* **Problem**
Look at the data below and print exactly the lines from its first line through the line with "- Included Components"; the pictures stay out of the copy.
Start of Dataset records
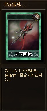 呵呵,“方天在手,天下我有”,有将领当然有装备,可惜小编还没收集到赤兔马,这个方天画戟就是装备卡了,效果大家一看就明白。
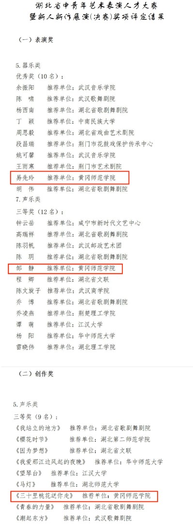 本网讯 近日,湖北省中青年艺术表演人才大赛暨新人新作展演(决赛)活动在中南民族大学举办。经过层层角逐,公司英国威廉希尔WilliamHill教师邹静斩获声乐类省级三等奖,易先玲获得器乐表演优秀奖。《三十里桃花送你走》获声乐创作三等奖。
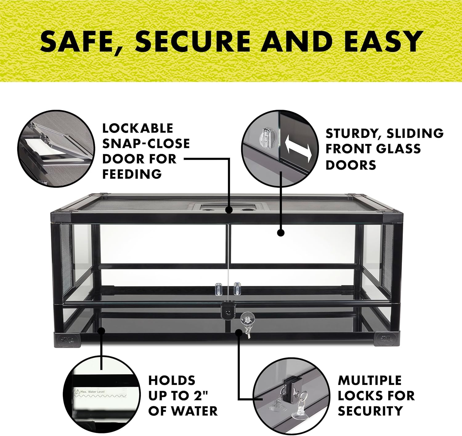 - Included Components : Terrarium, sliding front-opening doors, double hinged locking top screen, feeding port, water-holding base (optional), removable bedding tray (optional) Terrarium, sliding front-opening doors, double hinged locking top screen, feeding port, water-holding base (optional), rem… See more
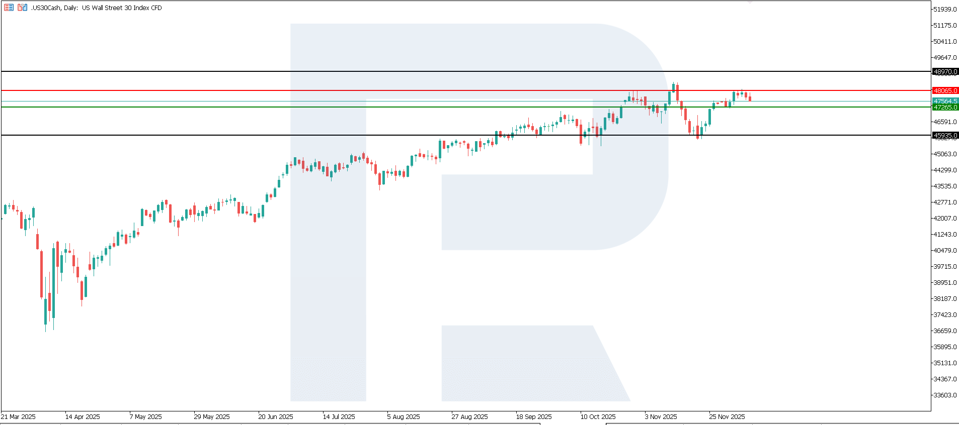 JOLTS job openings rose to 7.670 million, confirming the resilience of the US labour market. This supports the broader economy but reduces the likelihood of rapid Fed easing. For the US 30 index, the data is a moderately positive factor, as it strengthens the fundamental backdrop but does not provide a catalyst for a sharp rally. From a technical perspective, the index remains in an uptrend. As long as the support level is not broken, there is no indication of a trend reversal. The next upside target could be 48,970.0.
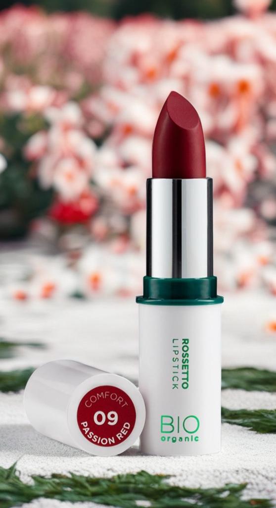 NATURA VERDE. ROSSETTO 09 PASSION RED ULTRA COMFORT COLORE PIENO ED INTENSO IDRATANTE E NUTRIENTE. 100% INGREDIENTI DI ORIGNINE NATURALE DI CUI 48,47% DI INGREDIENTI BIOLOFICI NO PARABENI MADE IN ITALY
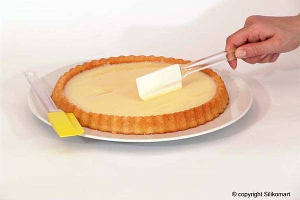 Die Spachtel wird beim Kneten des Teigs und beim Bestreichen von Cremes verwendet. Sie kann in der Spülmaschine gereinigt werden.
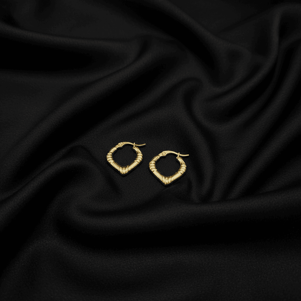 Heart-shaped hoops with a bold ridge texture and a polished gold shine. An anti-tarnish earring perfect for standout everyday style.
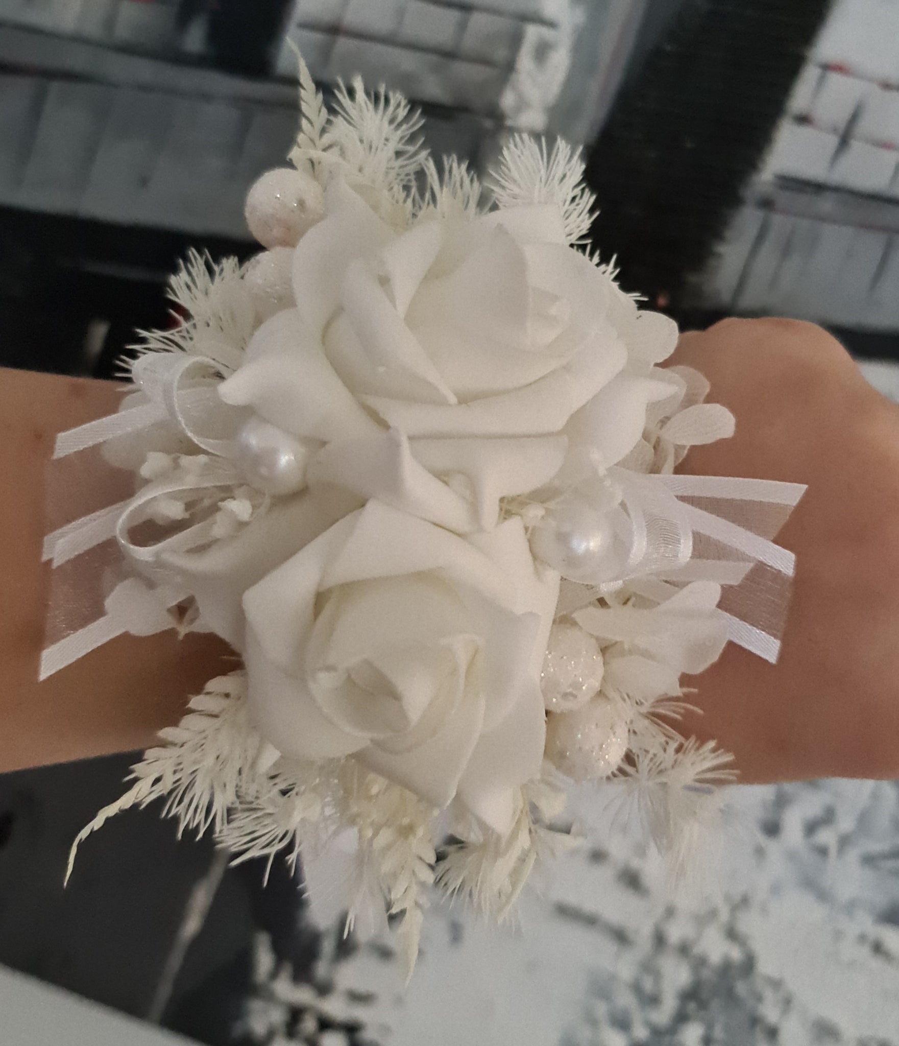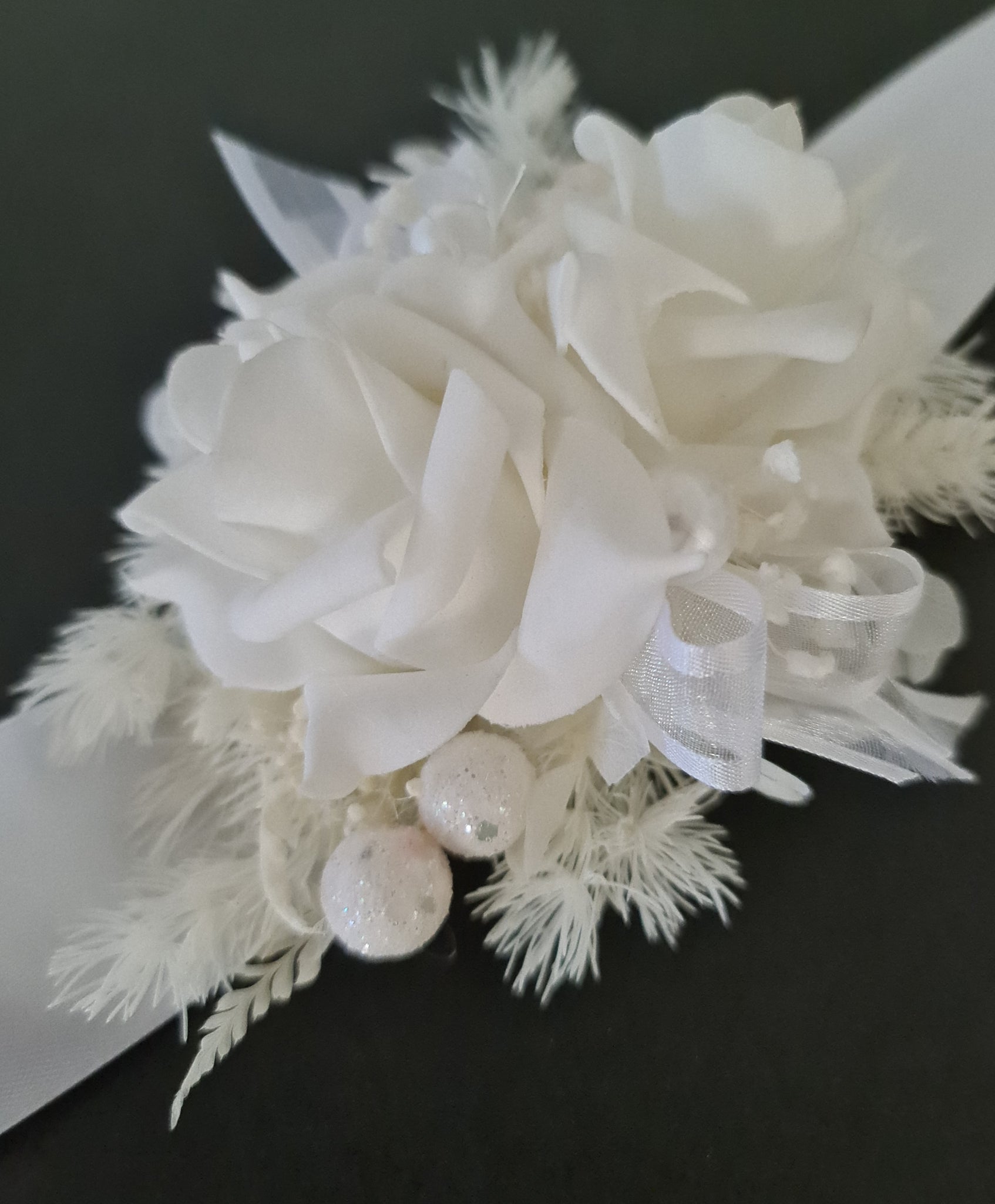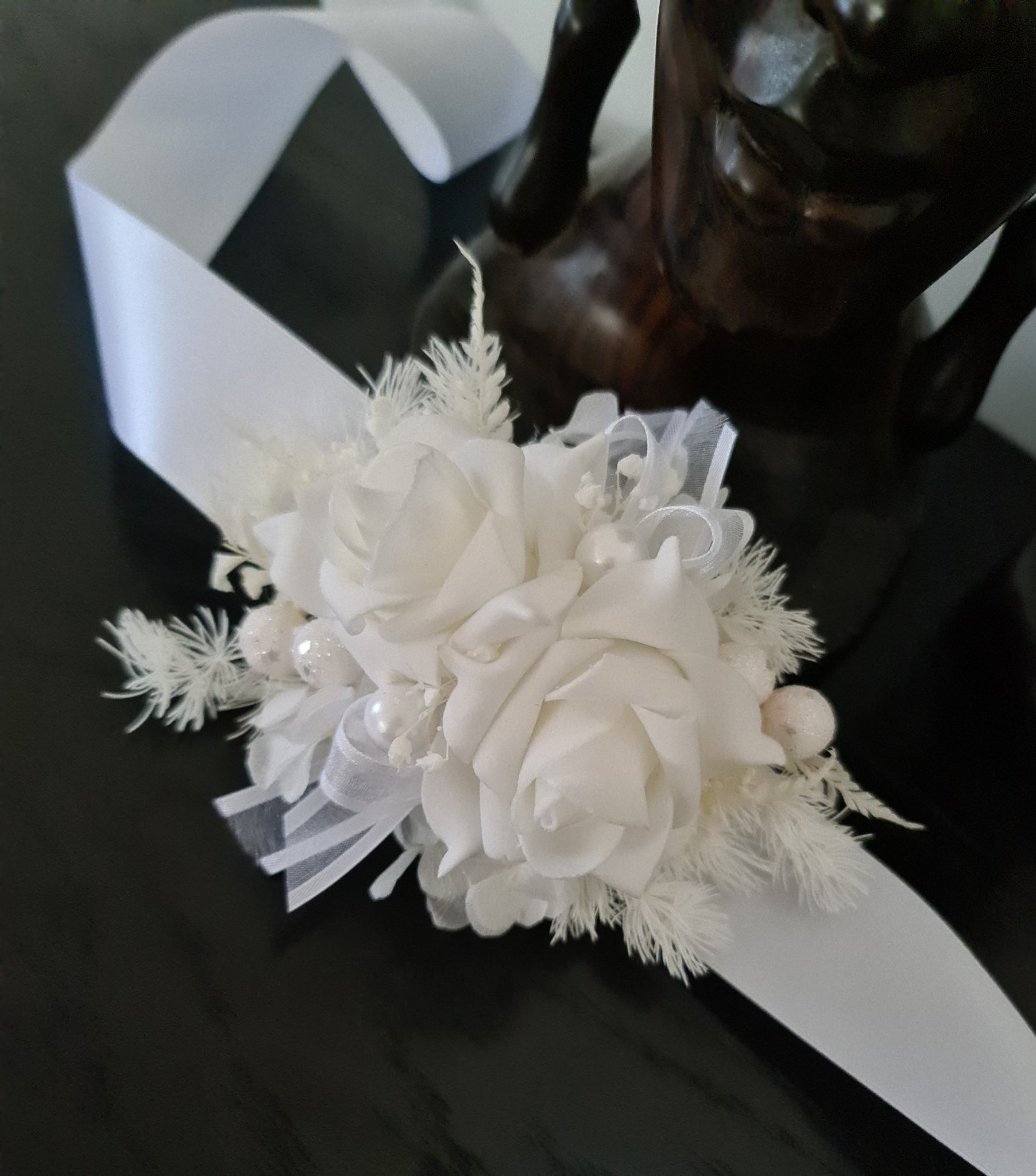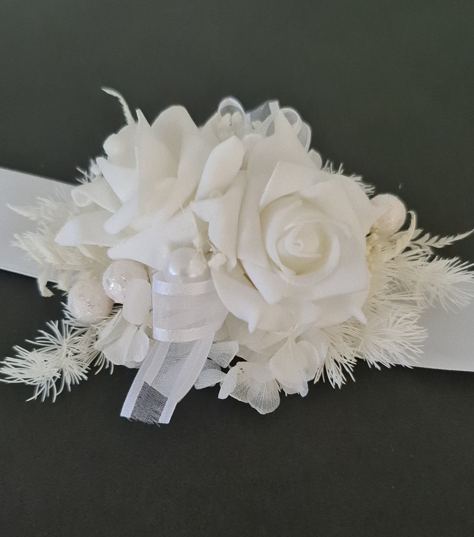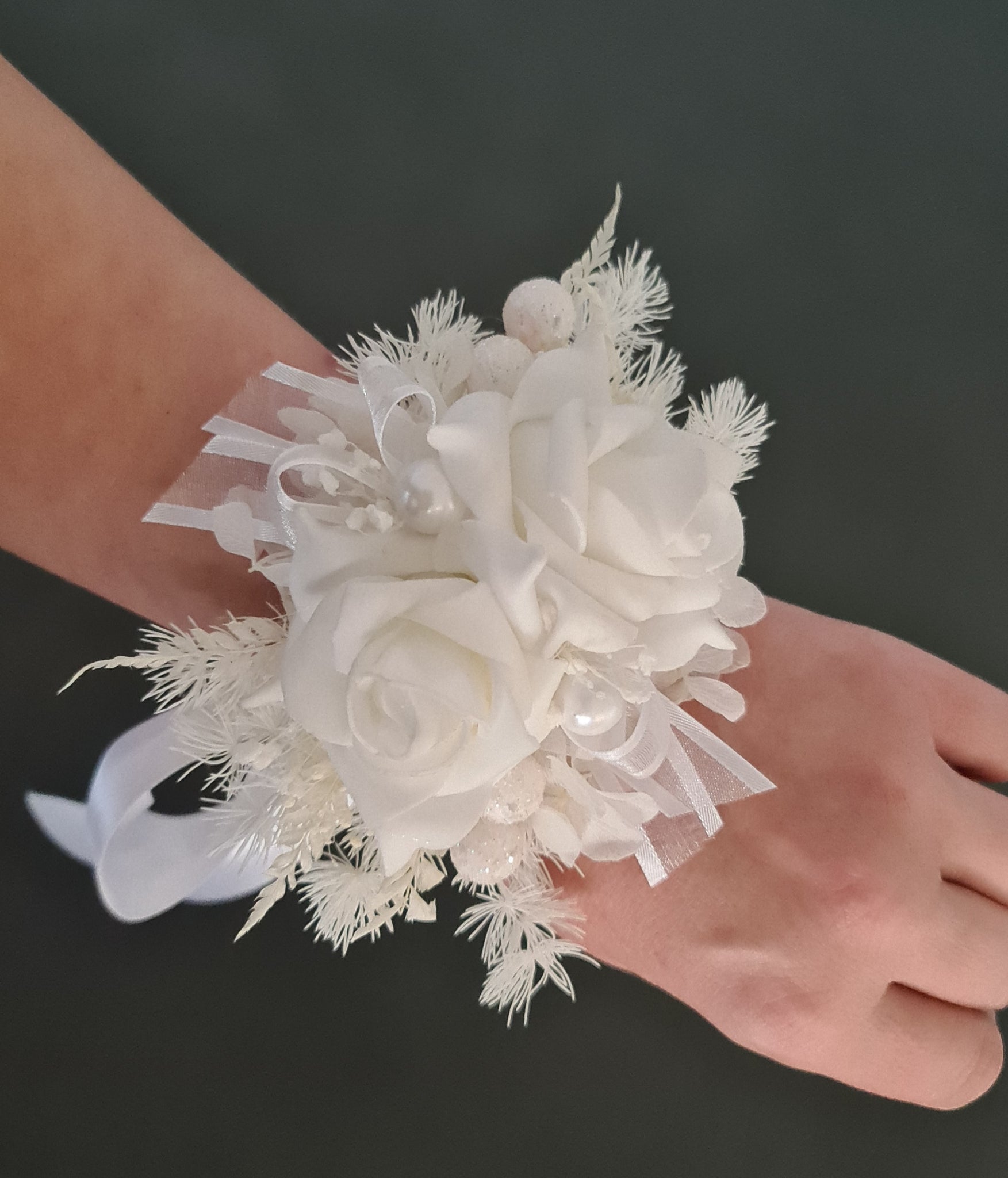 Everlasting flowers white corsage w glitter pearls - School formal / Wedding
End of Dataset records
* **Result of the task**
 呵呵,“方天在手,天下我有”,有将领当然有装备,可惜小编还没收集到赤兔马,这个方天画戟就是装备卡了,效果大家一看就明白。
 本网讯 近日,湖北省中青年艺术表演人才大赛暨新人新作展演(决赛)活动在中南民族大学举办。经过层层角逐,公司英国威廉希尔WilliamHill教师邹静斩获声乐类省级三等奖,易先玲获得器乐表演优秀奖。《三十里桃花送你走》获声乐创作三等奖。
 - Included Components : Terrarium, sliding front-opening doors, double hinged locking top screen, feeding port, water-holding base (optional), removable bedding tray (optional) Terrarium, sliding front-opening doors, double hinged locking top screen, feeding port, water-holding base (optional), rem… See more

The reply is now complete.